DATA RECORDS:
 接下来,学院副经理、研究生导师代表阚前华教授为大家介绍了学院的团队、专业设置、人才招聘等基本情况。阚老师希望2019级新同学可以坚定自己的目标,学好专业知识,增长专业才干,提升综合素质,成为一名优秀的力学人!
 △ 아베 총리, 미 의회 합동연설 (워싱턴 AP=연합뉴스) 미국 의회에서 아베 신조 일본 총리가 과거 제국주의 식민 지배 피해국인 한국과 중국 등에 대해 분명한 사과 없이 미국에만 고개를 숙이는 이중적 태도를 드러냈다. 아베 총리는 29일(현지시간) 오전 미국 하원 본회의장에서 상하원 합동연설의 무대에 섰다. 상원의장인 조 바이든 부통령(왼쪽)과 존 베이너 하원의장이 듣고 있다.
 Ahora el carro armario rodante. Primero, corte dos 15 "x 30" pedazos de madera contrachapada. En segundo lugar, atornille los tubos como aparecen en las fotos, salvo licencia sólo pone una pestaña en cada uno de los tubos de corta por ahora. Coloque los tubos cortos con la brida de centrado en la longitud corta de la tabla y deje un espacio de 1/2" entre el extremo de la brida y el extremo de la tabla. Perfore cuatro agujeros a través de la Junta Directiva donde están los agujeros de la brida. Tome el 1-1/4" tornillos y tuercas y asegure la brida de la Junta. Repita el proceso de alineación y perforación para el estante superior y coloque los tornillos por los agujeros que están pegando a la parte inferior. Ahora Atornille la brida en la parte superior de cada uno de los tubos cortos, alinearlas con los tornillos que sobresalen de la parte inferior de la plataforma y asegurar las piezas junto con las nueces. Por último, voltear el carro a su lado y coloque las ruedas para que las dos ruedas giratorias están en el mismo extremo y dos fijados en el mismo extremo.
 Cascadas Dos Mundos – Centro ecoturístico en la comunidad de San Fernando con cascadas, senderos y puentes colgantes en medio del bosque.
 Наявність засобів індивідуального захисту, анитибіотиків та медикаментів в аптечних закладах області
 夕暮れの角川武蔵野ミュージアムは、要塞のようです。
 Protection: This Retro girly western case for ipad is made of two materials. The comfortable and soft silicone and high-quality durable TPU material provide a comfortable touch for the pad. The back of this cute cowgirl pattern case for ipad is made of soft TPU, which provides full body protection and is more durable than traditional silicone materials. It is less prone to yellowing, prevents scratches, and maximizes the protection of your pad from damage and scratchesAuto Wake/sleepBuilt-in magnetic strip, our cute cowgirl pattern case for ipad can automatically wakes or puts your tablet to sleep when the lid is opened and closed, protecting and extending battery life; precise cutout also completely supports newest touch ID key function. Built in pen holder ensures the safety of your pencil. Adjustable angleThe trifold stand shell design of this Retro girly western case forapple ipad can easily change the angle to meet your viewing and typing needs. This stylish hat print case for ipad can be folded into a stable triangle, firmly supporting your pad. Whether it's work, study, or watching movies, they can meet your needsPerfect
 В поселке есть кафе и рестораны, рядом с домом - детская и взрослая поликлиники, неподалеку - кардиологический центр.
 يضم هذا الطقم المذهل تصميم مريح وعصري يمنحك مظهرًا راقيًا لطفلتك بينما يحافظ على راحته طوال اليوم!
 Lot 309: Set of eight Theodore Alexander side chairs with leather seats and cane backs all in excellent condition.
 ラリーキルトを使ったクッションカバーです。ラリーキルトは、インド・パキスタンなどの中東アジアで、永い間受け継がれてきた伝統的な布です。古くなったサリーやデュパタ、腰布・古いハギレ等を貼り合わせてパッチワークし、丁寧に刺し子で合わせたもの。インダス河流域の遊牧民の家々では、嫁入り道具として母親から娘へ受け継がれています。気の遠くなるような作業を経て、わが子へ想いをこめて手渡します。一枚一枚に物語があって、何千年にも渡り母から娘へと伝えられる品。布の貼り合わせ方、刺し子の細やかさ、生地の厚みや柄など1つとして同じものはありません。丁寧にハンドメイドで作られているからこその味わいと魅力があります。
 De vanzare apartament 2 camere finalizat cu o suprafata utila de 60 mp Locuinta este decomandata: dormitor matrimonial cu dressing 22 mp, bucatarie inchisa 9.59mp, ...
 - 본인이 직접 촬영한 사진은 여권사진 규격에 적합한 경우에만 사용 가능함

YOUR INSTRUCTIONS: In the entries above, please find the line with "В поселке есть" and the line with "يضم هذا الطقم", then write out exactly those two lines and every line between them, and nothing more.

TASK SOLUTION:
 В поселке есть кафе и рестораны, рядом с домом - детская и взрослая поликлиники, неподалеку - кардиологический центр.
 يضم هذا الطقم المذهل تصميم مريح وعصري يمنحك مظهرًا راقيًا لطفلتك بينما يحافظ على راحته طوال اليوم!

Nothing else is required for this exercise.